Here the vocabulary *V* consists of all the word types in all classes, not just the words in class *c*.







In [None]:
documents_of_topic_positive = imdb_dataset[imdb_dataset["block"] == 0]
documents_of_topic_negative = imdb_dataset[imdb_dataset["block"] == 1]






In [None]:
print(documents_of_topic_negative)

In [None]:
print(documents_of_topic_positive)

In [None]:
bag_of_words_in_positive_documents = get_bag_of_words(documents_of_topic_positive)
bag_of_words_in_positive_documents

In [None]:
bag_of_words_in_negative_documents = get_bag_of_words(documents_of_topic_negative)
bag_of_words_in_negative_documents

Issue with MLE training. Imagine we try to estimate the likelihood of the word "fantastic" given the class "positive", but no training documents that contain the word "fantastic" and is classified as "positive". Perhaps "fantastic" used in a *sarcastic* way in *negative* class. In this case the probability would be 0.

![alt text](../images/sarcastic_probability.png)

Since naive Bayes multiplies all the feature likelihoods together, zero probabilities in the likelihood term for any class will cause the probability of the class to be zero, no matter the other evidence!

The simples solution is to add the Laplace add-one smoothing, this one is commonly used in naive Bayes rather than language models.

![alt text](../images/naive_bayes_add_laplace.png)







In [None]:
# V is our vocabulary
V = bag_of_words_in_positive_documents.union(bag_of_words_in_negative_documents)
V_sure = get_bag_of_words(imdb_dataset)
assert V == V_sure, f"expected {len(V_sure)} but got {len(V)}"
print(V)

What do we do about **unknown** words? i.e. words that did not occur in the training document of any class and are not in our vocabulary but did appear in the test data.

The solution for this is to ignore them. Remove them from the test document and not include any probability for them at all.

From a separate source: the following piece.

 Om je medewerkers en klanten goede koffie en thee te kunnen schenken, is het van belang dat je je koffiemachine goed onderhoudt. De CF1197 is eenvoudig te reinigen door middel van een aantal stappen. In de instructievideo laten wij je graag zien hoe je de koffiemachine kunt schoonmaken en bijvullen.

TODO why is this the case???


Some systems may choose to ignore another class of words: **stop words**, very frequent words like *the* and *a*. Sort the vocabulary and remove the top 10-100 vocabulary entries as stop words or use already predefined online. Then each istance of these is removed from both test and training documents as if it never occurred.







##### Worked example
let's calculate the *P(c)*

In [None]:
total_examples = len(imdb_dataset)
positive_example_counts = len(imdb_dataset[imdb_dataset["sentiment"] == "positive"])
negative_example_counts = len(imdb_dataset[imdb_dataset["sentiment"] == "negative"])
prior_positive_class = positive_example_counts / total_examples
prior_negative_class = negative_example_counts / total_examples

print(f"prior_positive_class={prior_positive_class}")
print(f"prior_negative_class={prior_negative_class}")

![alt text](../images/prior_likelihood_features.png)

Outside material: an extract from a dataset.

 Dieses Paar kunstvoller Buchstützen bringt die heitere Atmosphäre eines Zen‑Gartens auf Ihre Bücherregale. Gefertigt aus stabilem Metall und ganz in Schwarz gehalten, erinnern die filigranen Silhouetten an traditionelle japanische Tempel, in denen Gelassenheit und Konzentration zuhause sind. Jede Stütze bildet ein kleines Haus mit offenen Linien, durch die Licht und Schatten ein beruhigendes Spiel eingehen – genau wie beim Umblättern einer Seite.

to apply Naive Bayes classifier to text, we will use each word in the documents as a feature and we consider each of the words in the document by walking an index through every word position in the document.

![alt text](../images/position_words.png)
    

Naive Bayes calculations are done in log space for same reason explained earlier.

![alt text](../images/naive_bayes_log.png)

#### Training the Naive Bayes Classifier
How can we learn the probabilities of *P(c)* i.e. the *prior* and *P(fi|c)* i.e. *likelihood*?

First we'll consider the MLE. Simply use the frequencies in the data. For the class prior *P(c)* we ask which percentage of the documents in our training data class *c* and the *Ndoc*be the total number of documents. Then:













In [None]:
import math
import numpy as np
import re
from functools import reduce
from collections import Counter


# TODO try this at some point potentially filter stop words
#from sklearn.feature_extraction import text
#stop_words = set(text.ENGLISH_STOP_WORDS)
def get_bag_of_words(dataset):
  return set(
    dataset["text"] # access all the text column
    .dropna()       # remove missing values
    #.str.lower()
    .str.split()    # split on whitespaces (more efficient than " ")
    .explode()      # flatten all words into one Series
    #.loc(lambda x: ~x.isin(stop_words)) # filter stopwords early
  )


# we're keeping the punctuation and everything and just considering the
# words as split by whitespaces so some of these results may not be accurate
def train_naive_bayes():
  total_examples = len(imdb_dataset)
  positive_example_counts = len(imdb_dataset[imdb_dataset["block"] == 0])
  negative_example_counts = len(imdb_dataset[imdb_dataset["block"] == 1])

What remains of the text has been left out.